С меньшими потерями?! Я вспоминаю опухшее лицо мёртвой девчонки, которую убило Пёрышко. Мальчишек, проткнутых сигилями варкской стали за то, что не хотели идти на Хмурую строну снова. Тихий ночной плач с соседних кроватей, где выучни не могут заснуть от боли в рассеченных спинах.

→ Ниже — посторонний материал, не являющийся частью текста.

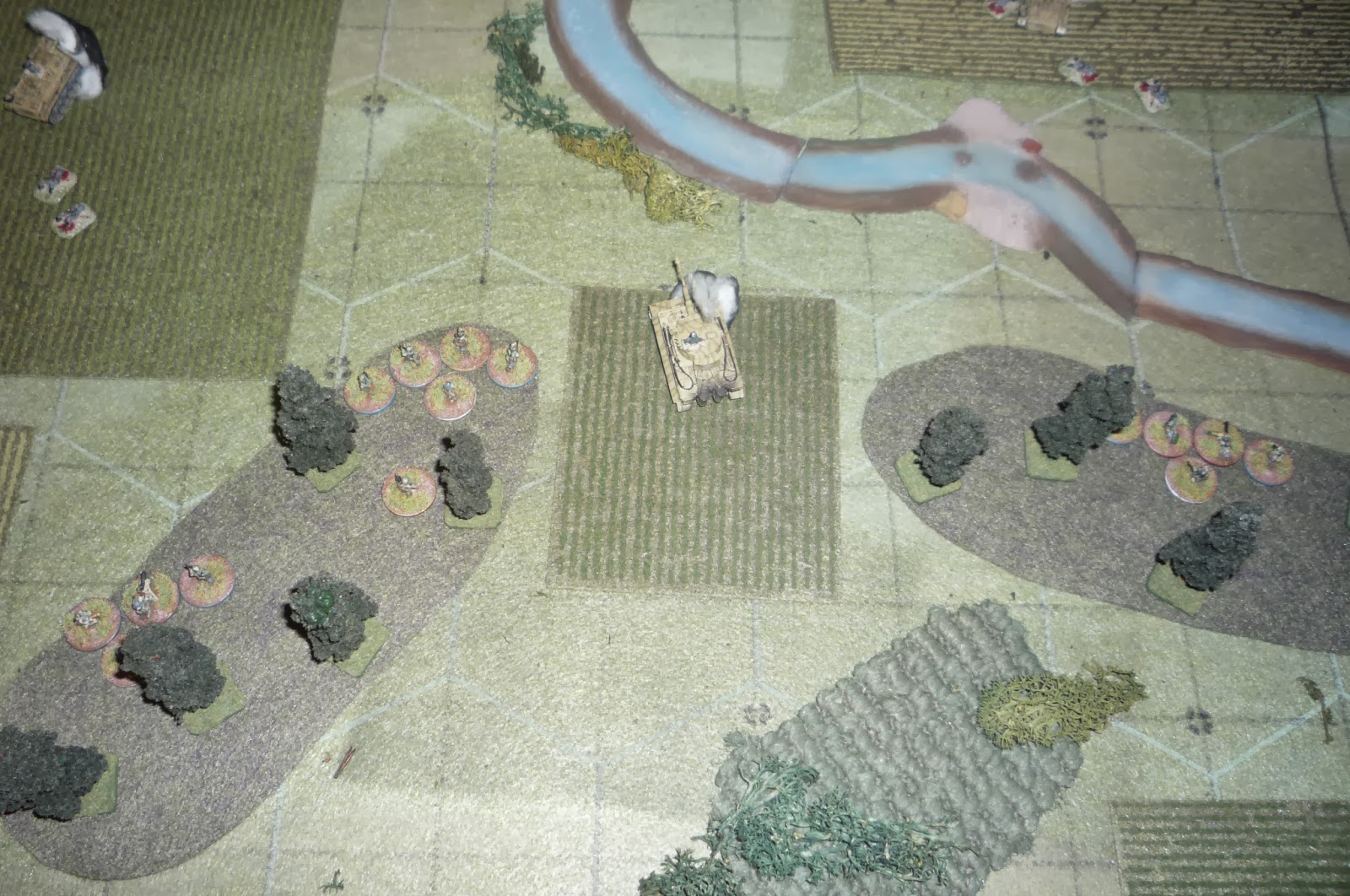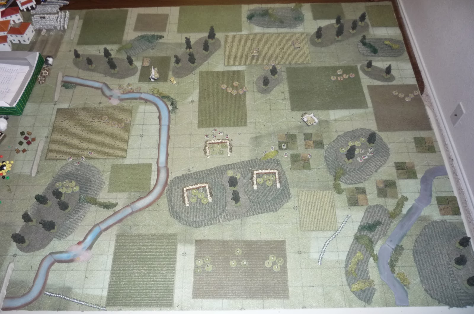 The German left has (from left to right) 3AG, 3FG, and 2FG (which has an MG-42 on a tripod instead of a bipod LMG), and 2AG (far right, barely in the picture opposite US 3A in the forward emplacement).  A German Pz Mk III (P3) is also on this side.  German center, showing (again) 2FG and 2AG in center, with P2 at bottom left, a Sdkfz 222 armored car at center right, and P1 at far right.  The German right, with 1AT in field at top, 1FG at ford, and P1 at center bottom.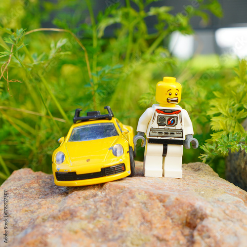 Obraz premium Lego astronaut and yellow toy car on a rock with green foliage background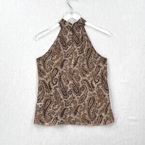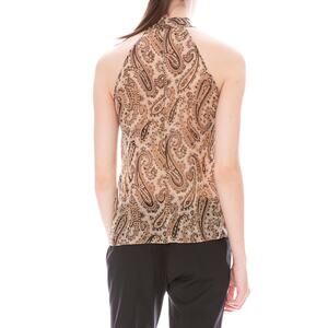 NILI LOTAN Vara Halter Top Womens 4 Tan Brown Paisley Printed Sheer Silk Mock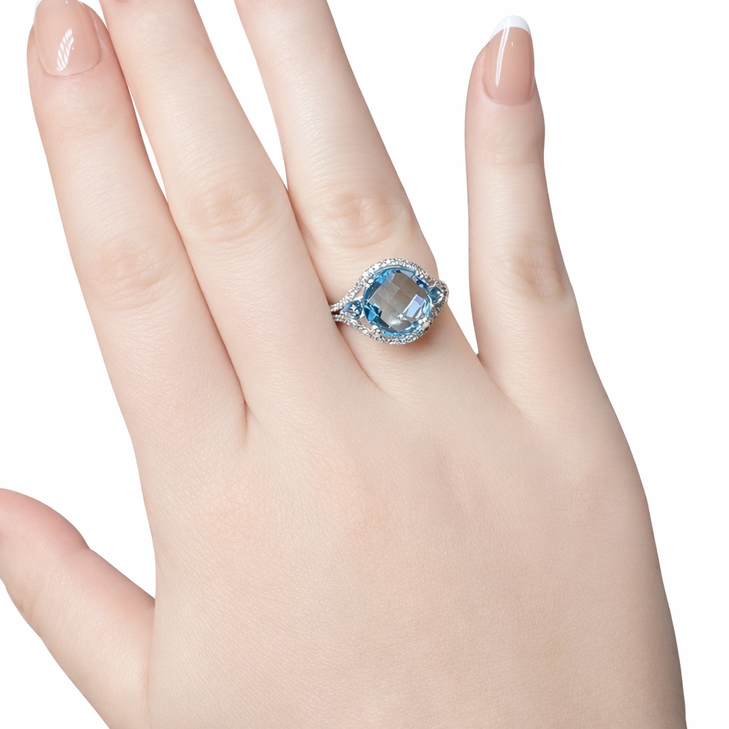 • Center stone: Blue topaz, checkerboard faceted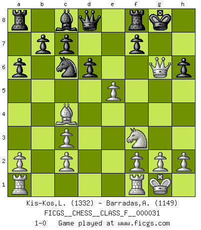 Last move : 1-0 2007 April 4 15:51:14 [Event "FICGS__CHESS__CLASS_F__000031"] [Site "FICGS"] [Date "2007.03.26"] [Round "1"] [White "Kis-Kos,Laszlo"] [Black "Barradas,Anderson"] [Result "1-0"] [WhiteElo "1332"] [BlackElo "1149"] 1.e4 e5 2.Nf3 Nc6 3.Bc4 h6 4.Nc3 Nf6 5.d4 Bb4 6.dxe5 Nxe4 7.Qd5 O-O 8.Qxe4 a6 9.O-O Bxc3 10.bxc3 d6 11.Bxh6 gxh6 12.Qg6+ 1-0 King's pawn game Kingside Castling by player Black (move 7) Kingside Castling by player White (move 9) Player White won this chess game. Follow this game move after move (download)In Chess, as it is played by masters, chance is practically eliminated. (Emanuel Lasker) Mein Gehirn das ist mein zweitwichtigstes Organ [Aus dem Film: Der Schläfer]. (Woody Allen) Preferería tener un Peón que un dedo. (Reuben Fine) Comme les marins qui ont mille raisons différentes d'aller en mer, les joueurs d'échecs en ont tout autant avant de s'installer devant une table et jouer... (Vincent Bertignac, philosophe) Art is not a thing, it is a way. (Elbert Hubbard)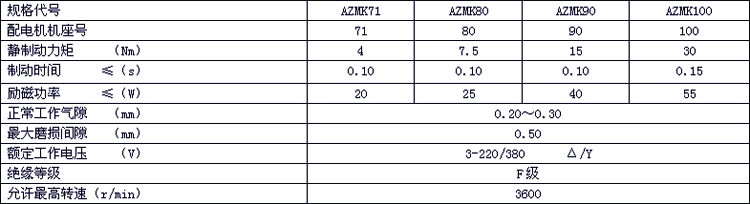| 產品名稱: | AZMK系列三相交流電磁制動器 | |||||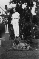 Description :UN HOMME VETU DE BLANC SE TIENT DEBOUT SUR LA TETE D'UN LION SCULPTE EN FACE DE L'HOPITAL NOEL. L'EDIFICE POSSEDE UN PORTIQUE A COLONNES.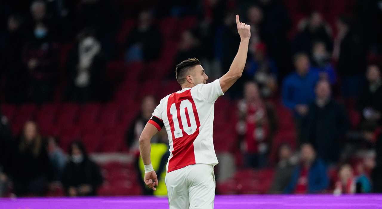 Zelfs na de 4-0-voorsprong bleef Ajax jagen op nog meer goals. "Dit is de energie die je wil zien van de ploeg", sprak de trainer. "Wij waren ontzettend scherp. We stonden goed in de restverdediging en zaten er bij balverlies direct bovenop. Ik hoop dat we dit kunnen continueren. We willen zo lang mogelijk meedoen op drie podia."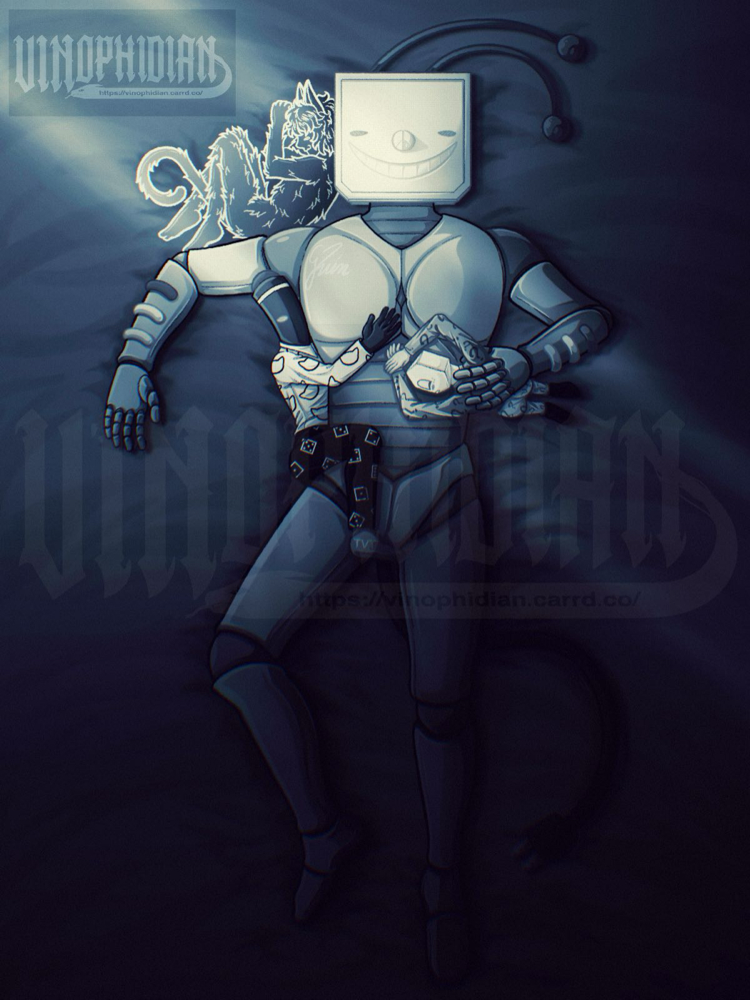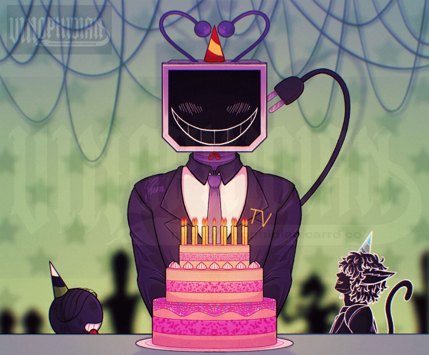 “You really are nervous.” The TV teased. “How cute…” He poked Battat’s chest with one of his claws and watched the smaller Darkner tense up. “Sorry… I can’t help myself when you look like that… Pluey told me you’re into this.” He bared his fangs.

Потом-то назидаторы стали больше похожи на людей. Потом-то они превратились в наставников. А поначалу они не стеснялись избивать и убивать нас, если мы не шли туда, куда должны были войти.
Отсекать лишнее!
С меньшими потерями!
Следующие будут сильнее!
– Да вашу же мать! – рявкаю я и выбегаю из канцелярии до того, как понимаю, что именно сказал и сделал.
Тяжеленная дверь бабахает за спиной, я останавливаюсь на каменной лестнице. Подо мной – огромный двор с телегами, людьми и скотом. Вокруг – невысокие деревца, плодовые и обычные, и листва на них такая яркая, что хочется зажмуриться. Привычно ищу глазами рукояти подъемников и привычно не нахожу. Почему люди не перенимают варочью машинную науку? Не начинают снова делать монеты с двусторонней чеканкой, какие были до войны? Если земледержец хочет подобрать под себя другие земли, то сперва стоит превзойти их хотя бы в том, что они умеют, разве не так?
А может быть, он полетит много быстрее и дальше на дутом пузыре хмурьского всемогущества, многочисленных войсках и остроглазых болтунах вроде управителя.
Представляю себе, какое у него сейчас лицо. И у наставников. Представляю глухую тишину, которая сейчас стоит в канцелярии. Наверное, нужно быстренько забрать в караульне меч, ножны и лошадь, пока они не решили… Собственно, а что они могут решить? Меня в прибрежном Подкамне ждут. Именно меня. Ждут. Даже содержание назначили. Так что ничего мне не сделает управитель, разве что посмотрит неодобрительно, но это-то я как-нибудь переживу.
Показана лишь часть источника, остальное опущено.